Wikipedia Review
- The Wikipedia Review logo, which uses a white hat
- Website type: Internet watchdog, Internet forum and blog
- Available in: English, German
- Revenue: Accepts donations
- Website: wikipediareview.com
- Commercial: No
- Registration: Optional (required to post)
- Launched: Original site: November 2005; 20 years ago Current site: February 19, 2006; 20 years ago
- Current status: Offline

= Wikipedia Review =

Blog discussing Wikimedia Foundation projects

Wikipedia Review was an Internet forum and blog for the discussion of Wikimedia Foundation projects, in particular the content and conflicts of Wikipedia. Wikipedia Review sought to act as a watchdog website, scrutinizing Wikipedia and reporting on its flaws. It provided an independent forum to discuss Wikipedia editors and their influence on Wikipedia content. At its peak, participants included current Wikipedia editors, former Wikipedia editors, users banned from Wikipedia, and people who had never edited. The last post was on 31 May 2012.

==Background==
The site was founded in November 2005 by "Igor Alexander", and hosted by ProBoards. On 19 February 2006 it moved to its own domain name using Invision Power Board software. The site required registration using a valid e-mail address to post and blacklisted email providers that allowed anonymity so as to discourage the operation of multiple accounts by a single user. In its early years, the forum became a gathering place for critics of Wikipedia and its policies, attracting both former editors and outside observers interested in discussing issues related to online collaboration and reliability of information.

Wikipedia Review was cited for its discussion of wiki-editing concepts and its participation in the evaluation of the Palo Alto Research Company's WikiDashboard.

==Commentary==

Wikipedia Review is not a conspiracy, a team-building exercise, a role-playing game, or an experiment in collusion. It is not meant as a resource or training ground for those who would instill fear and misery in others. It does not exist to corrupt, but to expose corruption; it does not exist to tear down institutions, but to expose the ways in which institutions are torn down; it does not exist to hate, but is meant to expose hate in others. To expose these things is not evil. It is not a monolithic entity, nor the sum of its parts. Like-mindedness does not imply singularity of purpose; respect for the rights of one group does not imply disrespect for the rights of another. It is not intended to be predictable, consistent, or dull.

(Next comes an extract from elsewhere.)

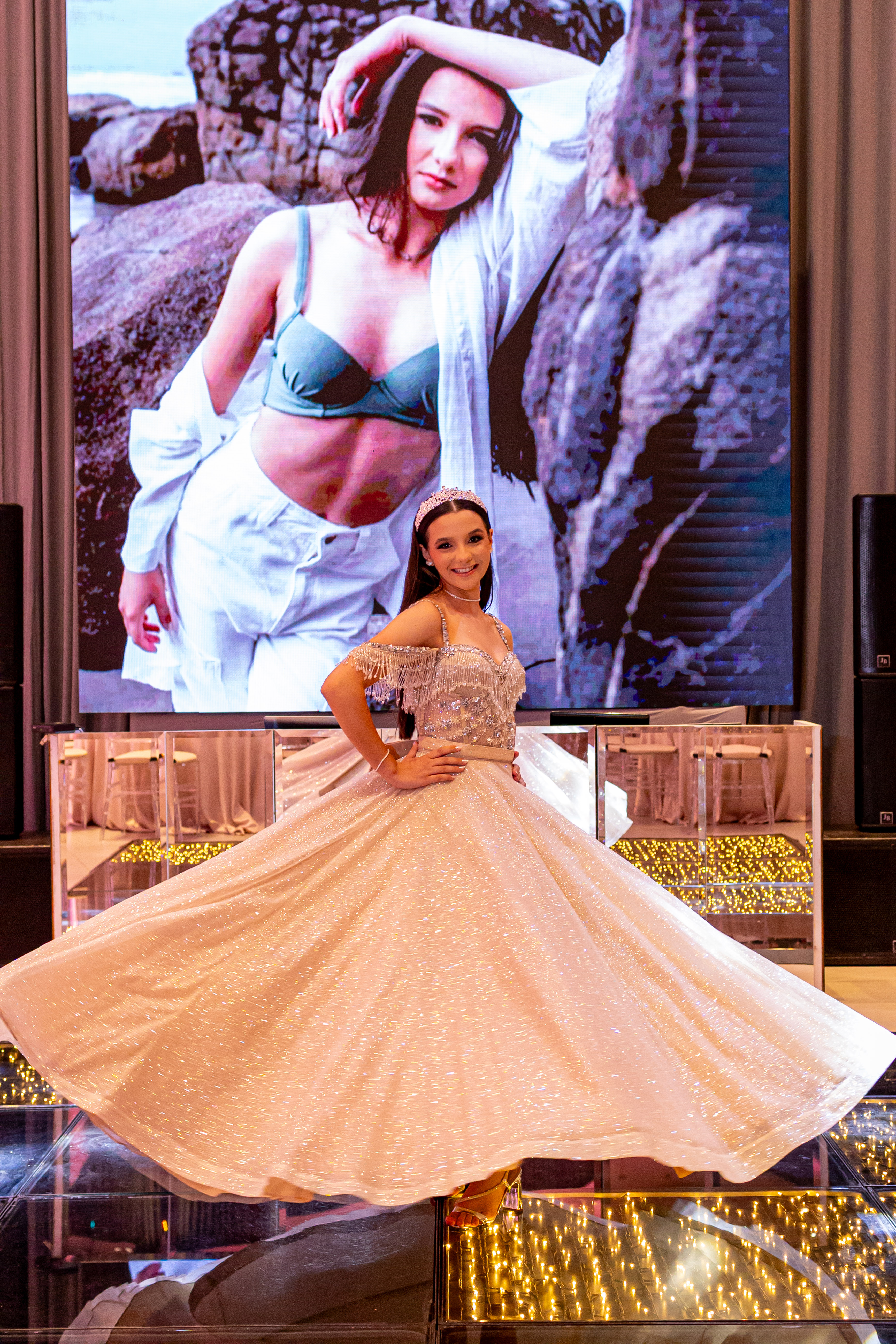 A debutante Mavi Tanner protagonizou momentos inesquecíveis durante toda a celebração. O vestido elegante e a atmosfera cuidadosamente construída reforçaram o clima de glamour típico dos grandes bailes de debutante.
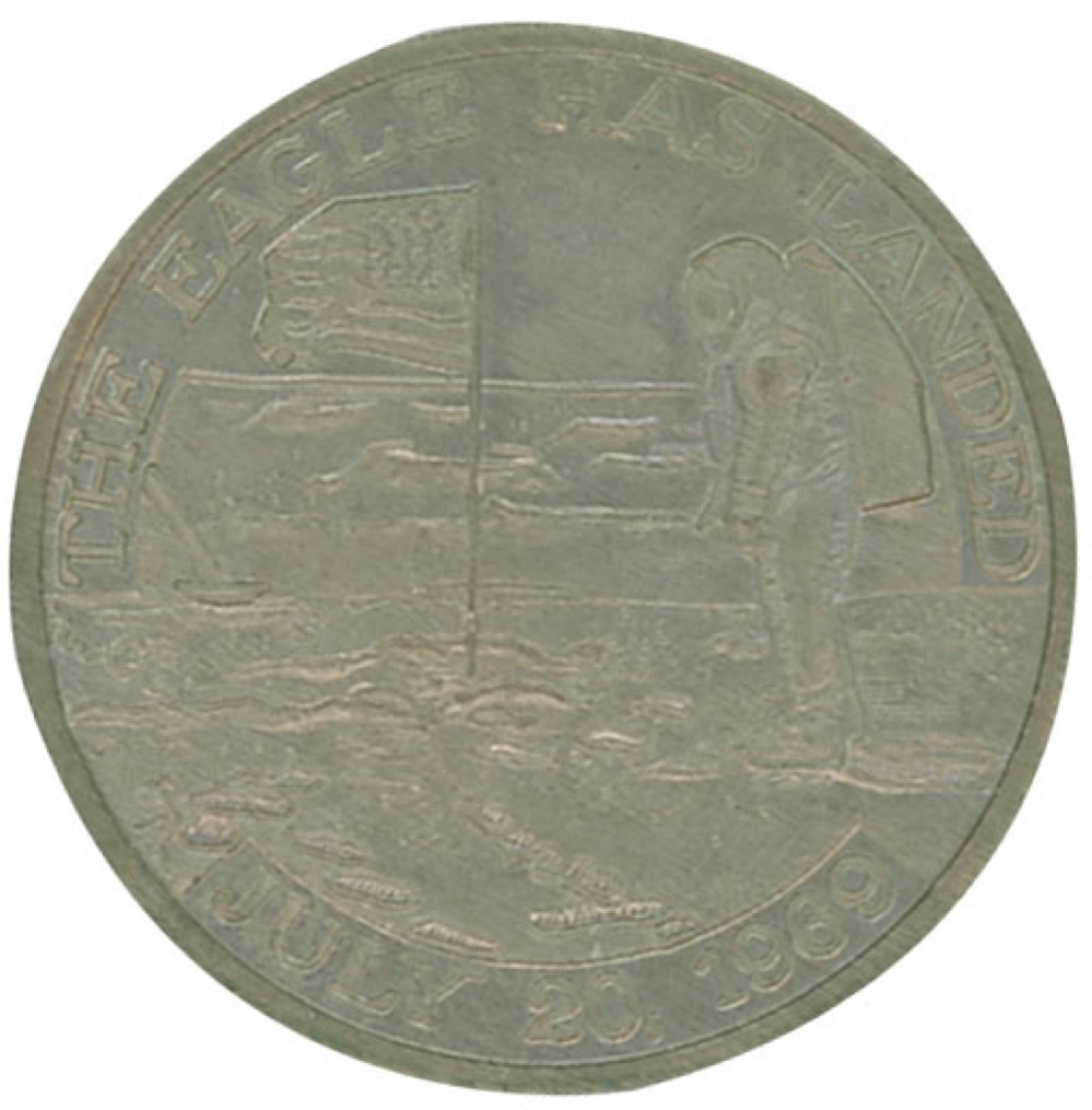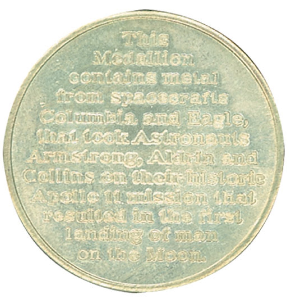 Apollo 11 Manned Flight Awareness medal, 1.25″ diameter. The face bears the raised re-creation of the famous image of Buzz Aldrin looking at the American flag on the lunar surface; the reverse is engraved, “This Medallion contains metal from spacecrafts Columbia and Eagle, that took Astronauts Armstrong, Aldrin and Collins on their historic Apollo 11 mission that resulted in the first landing of man on the Moon.” Normal condition, with light overall finish loss. A desirable artifact commemorating—and made from—a piece of history! RRAuction COA.

Imagine a world in which human beings are not user accounts, are not programmable, and are not mere words on a display screen. That's what we're doing...
— Statement made when the site was out of service in 2008, Wikipedia Review

Seth Finkelstein wrote in The Guardian that Wikipedia Review has provided a focal point for investigation into Wikipedia-related matters such as the "Essjay controversy". Cade Metz, writing for The Register, credited Wikipedia Review with the discovery of a private mailing list that led to the resignation of a Wikipedia administrator; he also wrote that a Wikipedia proposal called "BADSITES" intended to ban the mention of Wikipedia Review and similar sites on Wikipedia. The Independent noted that "allegations against certain administrators came to a head on a site called Wikipedia Review, where people debate the administrators' actions." The Irish technology website Silicon Republic suggested visiting Wikipedia Review in order to "follow disputes, discussions, editors and general bureaucracy on Wikipedia". Philip Coppens used posts made on Wikipedia Review to help construct a report, published in Nexus, on WikiScanner and allegations that intelligence agencies had been using Wikipedia to spread disinformation.

==Content and structure==
Wikipedia Review's publicly accessible forums are broken up into four general topic areas:
1. Forum information;
2. Wikimedia-oriented discussion, which contains subforums focusing on editors, the Wikipedia bureaucracy, meta discussion, articles and general Wikimedia-focused topics not fitting elsewhere;
3. Media forums containing a news feed and discussion about news and blogs featuring Wikipedia/Wikimedia; and
4. Off topic, non-Wikimedia related discussion.